We’ll build a simple pipeline that standardizes our data, then create a model that we will evaluate with a leave-one-out cross validation. 

In [49]:
#Import all our packages 
from pandas import read_csv
from sklearn.model_selection import LeaveOneOut
from sklearn.model_selection import cross_val_score
from sklearn.preprocessing import StandardScaler
from sklearn.pipeline import Pipeline
from sklearn.discriminant_analysis import LinearDiscriminantAnalysis

In [50]:
import pandas as pd
names = ["sepal_length", "sepal_width", "petal_length", "petal_width", "species"]
df1 = pd.read_csv("iris_dataset", names=names)
df1.head()

Unnamed: 0,sepal_length,sepal_width,petal_length,petal_width,species
0,5.1,3.5,1.4,0.2,Iris-setosa
1,4.9,3.0,1.4,0.2,Iris-setosa
2,4.7,3.2,1.3,0.2,Iris-setosa
3,4.6,3.1,1.5,0.2,Iris-setosa
4,5.0,3.6,1.4,0.2,Iris-setosa


In [51]:
# load data
array = df1.values
X = array[:,0:4]
Y = array[:,4]

In [52]:
X.shape

(150, 4)

In [54]:
#creating pipeline
estimators = []
estimators.append(("standardize", StandardScaler()))
estimators.append(("lda" , LinearDiscriminantAnalysis()))
model = Pipeline(estimators)

In [13]:
import warnings
warnings.filterwarnings("ignore", category=FutureWarning)

### Feature Extraction and Modeling Pipeline

`Feature extraction` is another procedure that is susceptible to `data leakage`. Like data preparation,
`feature extraction` procedures must be restricted to the data in your `training dataset`. The
`pipeline` provides a handy tool called the **FeatureUnion** which allows the results of `multiple
feature selection` and `extraction procedures` to be combined into a larger dataset on which a
model can be trained. Importantly, all the `feature extraction` and the `feature union` occurs
within each fold of the `cross-validation` procedure.

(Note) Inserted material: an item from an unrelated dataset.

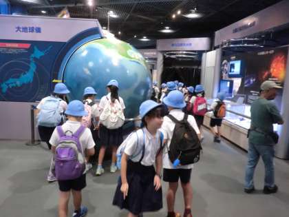 9月11日、4年生は大阪市立科学館へ社会見学にいきました。午前中は、サイエンスショーで偏光板を使って、光の勉強をしました。その後、プラネタリウムを見て、星について学習し、お弁当を食べました。午後からは、グループに分かれて、館内の展示物を見学しました。

The pipeline defined with four steps:

* Feature Extraction with Principal Component Analysis (3 features).
* Feature Extraction with Statistical Selection (6 features).
* Feature Union.
* Learn a Logistic Regression Model.

The pipeline is then evaluated using 10-fold cross-validation.

#### Create a pipeline that extracts features from the data then creates a model

In [14]:
# IMport Libraries

from pandas import read_csv
from sklearn.model_selection import KFold
from sklearn.model_selection import cross_val_score
from sklearn.pipeline import Pipeline
from sklearn.pipeline import FeatureUnion
from sklearn.linear_model import LogisticRegression
from sklearn.decomposition import PCA
from sklearn.feature_selection import SelectKBest

In [15]:
# load data
filename = 'pima-indians-diabetes.data.csv'
names = ['preg', 'plas', 'pres', 'skin', 'test', 'mass', 'pedi', 'age', 'class']
dataframe = read_csv(filename, names=names)
array = dataframe.values
X = array[:,0:8]
Y = array[:,8]

In [16]:
# create feature union
features = []
features.append(('pca', PCA(n_components=3)))
features.append(('select_best', SelectKBest(k=6)))
feature_union = FeatureUnion(features)

In [17]:
# create pipeline
estimators = []
estimators.append(('feature_union', feature_union))
estimators.append(('logistic', LogisticRegression()))
model = Pipeline(estimators)

In [18]:
# evaluate pipeline
kfold = KFold(n_splits=10, random_state=7)
results = cross_val_score(model, X, Y, cv=kfold)
print(results.mean())

0.7760423786739576


Notice how the `FeatureUnion` is its own `Pipeline` that in turn is a single step in the `final Pipeline` used to feed `Logistic Regression`. This might get you thinking about how you can start
embedding pipelines within `pipelines`.